The Holders reserve the right to accept and, together with their agents from time to time, to reject, in whole or in part, any proposed purchase of Preferred Units to be made directly or through agents. In order to comply with the securities laws of some states, if applicable, the Preferred Units may be sold in these jurisdictions only through registered or licensed brokers or dealers. In addition, in some states the Preferred Units may not be sold unless they have been registered or qualified for sale or an exemption from registration or qualification requirements is available and is complied with. The Holders and any broker-dealers or agents that participate in the sale of the Preferred Units may be “underwriters” within the meaning of Section 2(11) of the Securities Act. Any discounts, commissions, concessions or profit they earn on any resale of the Preferred Units may be underwriting discounts and commissions under the Securities Act. Any Holder who is an “underwriter” within the meaning of Section 2(11) of the Securities Act will be subject to the prospectus delivery requirements of the Securities Act. The Holders have acknowledged their obligations to comply with the provisions of the Exchange Act and the rules thereunder relating to stock manipulation, particularly Regulation M.
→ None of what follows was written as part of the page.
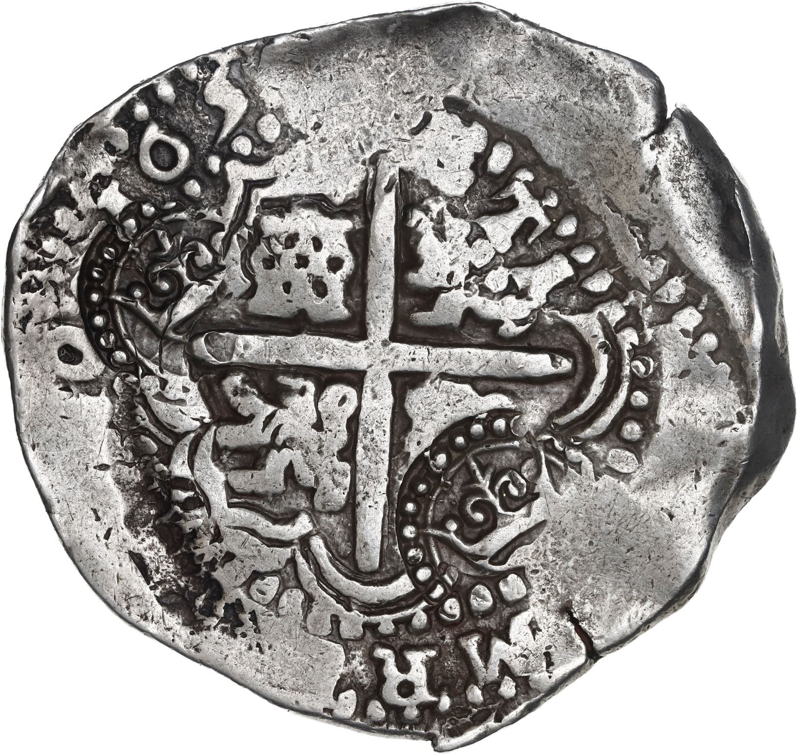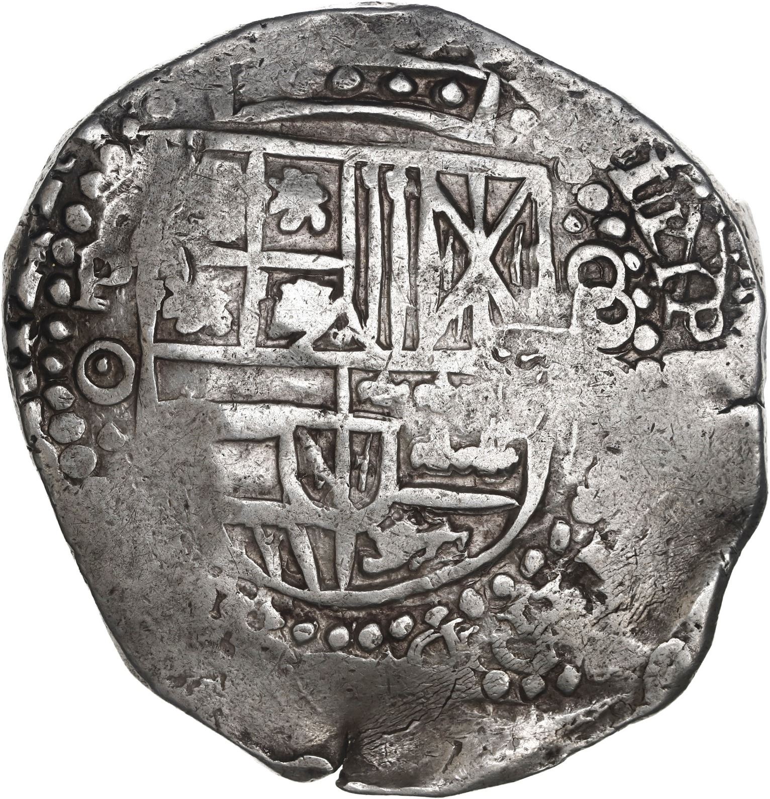 BOLIVIA, Potosí, cob 8 reales, 1650 O, with two crowned-O countermarks on the cross side. S-P35; KM-19b; Cal-1488. 26.78 grams. Very broad flan with great full shield and cross, the latter with bold 165 of date and two nearly full countermarks, full P-O to left and denomination 8 to right of shield, VF with contrasting toning, somewhat rare as non-shipwreck.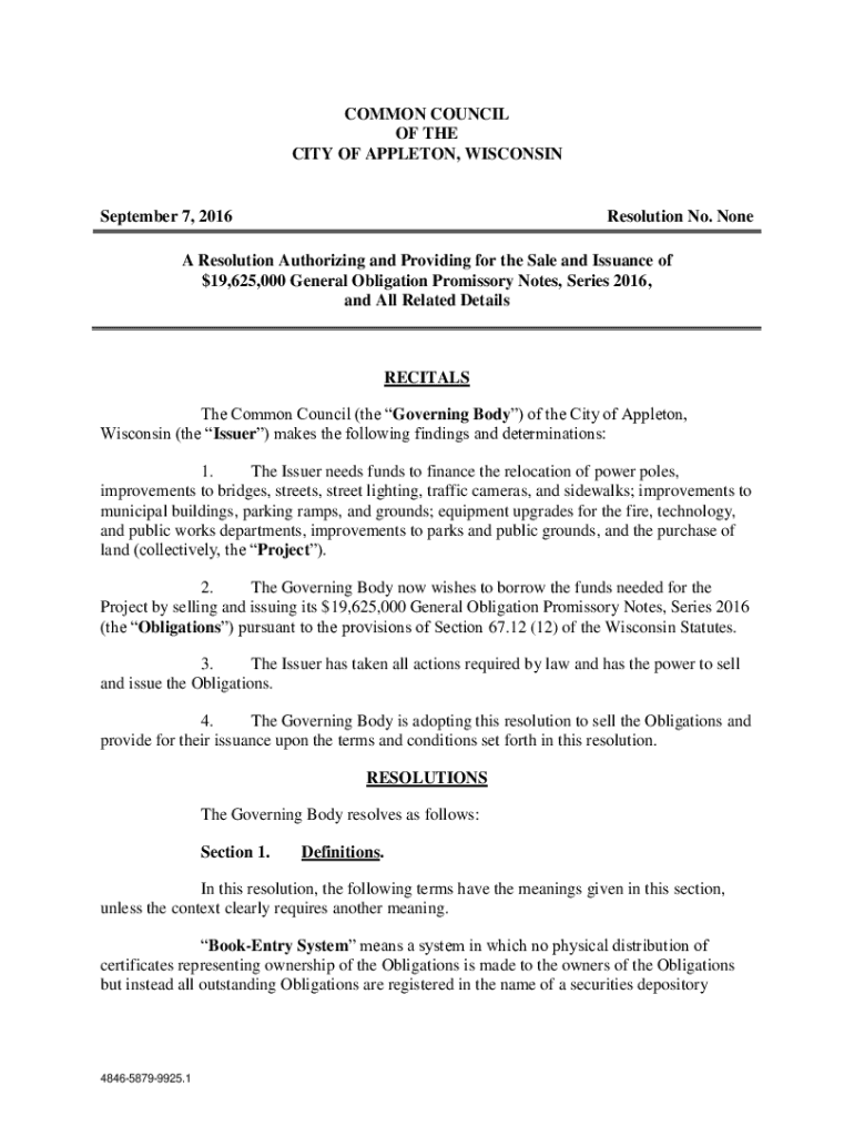 COMMON COUNCIL OF THE CITY OF APPLETON, WISCONSINSeptember 7, 2016Resolution No. NoneA Resolution Authorizing and Providing for the Sale and Issuance of $19,625,000 General Obligation Promissory Notes,

We are not aware of any plans, arrangements or understandings between any of the Holders and any underwriter, broker-dealer or agent regarding the sale of the Preferred Units by the Holders. We do not assure you that the Holders will sell any or all of the Preferred Units offered by them pursuant to this prospectus. In addition, we do not assure you that the Holders will not transfer, devise or gift the Preferred Units by other means not described in this prospectus. Moreover, any securities covered by this prospectus that qualify for sale pursuant to Rule 144 of the Securities Act may be sold under Rule 144 rather than pursuant to this prospectus.